Shopping centers showing mallrats the door [MSNBC] (Thanks To Doug!)

Comments

  1. Snakeophelia says:

    Where I grew up, the malls were teen-free because someone had the foresight to open a giant arcade with a crummy theater attached to it. That place was PACKED with kids from age 10 to 19 just about every night. No adult was ever there, because who but a teenager would want to (as I did) play Galaga and Centipede from 8 pm to midnight and then go see The Texas Chainshow Massacre? It was great. I would have hated to work security in that place, but it was great.

  2. ogman says:

    People get shot in malls, and usually by some teenager who is part of a gang. Reality sucks. We’re not allowed to enforce laws anymore (without nonsensical cries of racism) so now the malls will have to move potential offenders out before anything happens. Malls that have taken no action are now closed. Such is life in the lawless USA.

  3. ogman says:

    @SexCpotatoes: “These kids are your future caretakers.”

    That’s the scariest thought I’ve read in a long time. I’ll work very hard to see to it that I am NEVER taken care of by most of the little sociopaths I see running around my local mall!

  4. fluiddruid says:

    @floydianslip6: So I should just be able to come into your house, go through your stuff, because of the Constitution? Malls are private property. While I agree that we need to have activities and places for teens, malls are not obliged to provide them for free at the cost of legitimate business.

  5. floydianslip6 says:

    @fluiddruid: I completely agree with you. However, how is a solution of treating every teen in a mall as a loiterer or “gang member” a good one?

    Aside from that, the whole situation reeks of where our society is going from a parental standpoint.

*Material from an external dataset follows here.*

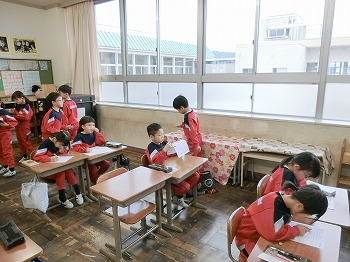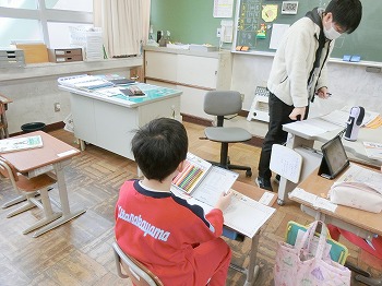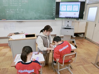 今日の授業風景です。4年生は、理科で冬の大三角について学習していました。冬の夜空は澄んでいてきれいですから、晴れの日にぜひ自分の目で星の位置を確かめてみましょう!1年生は、体育支援事業で講師の先生をお迎えして器械体操に挑戦していました。初めての動きも練習してできるようになれたかな?

    I suppose my larger concern is that by setting the standard for behavior so low, it’s inviting problems. Catering to least common denominator produces more and more of the same.

    As for your home invasion argument, private sector homes and stores are not private property in the same vein. You know this.

  6. matdevdug says:

    Wow, thanks everybody. Speaking from the 18-25 population, I do appreciate being spoken about as if I am ready to kill any old lady that interrupts my walk in the mall as I attempt to score more drugs. Now, mind you, I still get 10 credit card offers a week and I am not even out of college, but please, kick me out of the mall. I guess your generation only wants my money when it doesn’t have to talk to me.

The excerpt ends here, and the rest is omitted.